Declarative vector animations (including both CSS animation and SMIL animation elements) define how a property should change over time, and let the browser fill in the specific in-between values. While videos and other animated image formats (such as GIF) define a fixed number of individual frames, vector animations will adapt in frame rate according to the capabilities of the device. Slowing down or speeding up the animation is also simple, just like scaling the image in space.
Because vector graphics languages describe images and animation as a series of discrete instructions for each shape or line, they could logically be translated into an element-based document object model (DOM) of the sort used for HTML and XML. And that’s where SVG comes in.
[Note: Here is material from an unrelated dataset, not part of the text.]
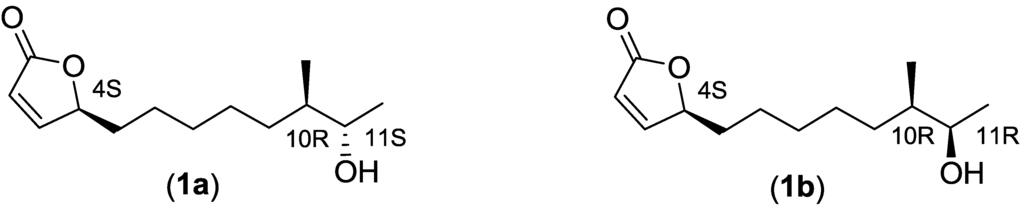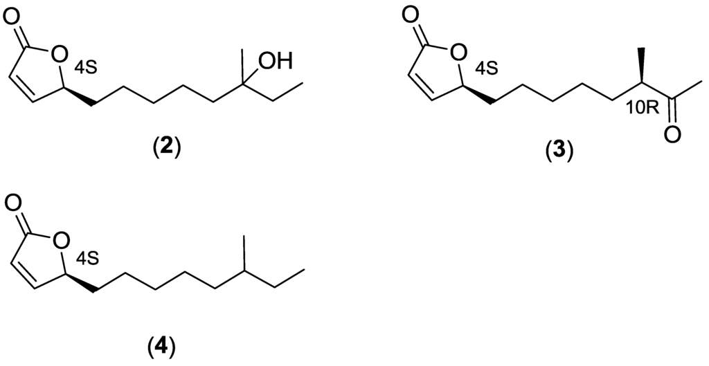 - Dai, W.-M.; Shi, L.; Li, Y. Total synthesis of (4s,10r)-4-hydroxy-10-methyl-11-oxododec-2-en-1,4-olide and related bioactive marine butenolides. Tetrahedron Asymmetry 2008, 19, 1549–1556. [Google Scholar] [CrossRef]

SVG uses an XML markup format and CSS styles, so it can be edited and processed with existing tools used by web developers.
Text in the graphic is plain text in the file, so it is easy to edit—and in the right software, it isaccessible to screen readers and to user interaction.
The SVG image is represented using a live DOM (document object model) inside the browser, so it can be manipulated with JavaScript, often with only slight changes to code that was built for working with HTML documents.
Working with vector graphics—especially in web browsers—can be more frustrating than working with raster images. Much more of the final appearance is controlled by the rendering software. The SVG in the browser may not match the image in your graphical editor. Browser bugs and missing feature support become a constant concern. But just as when working the HTML, CSS and JavaScript, the solution is to plan your project with fallbacks in mind, and to test your work in many browsers.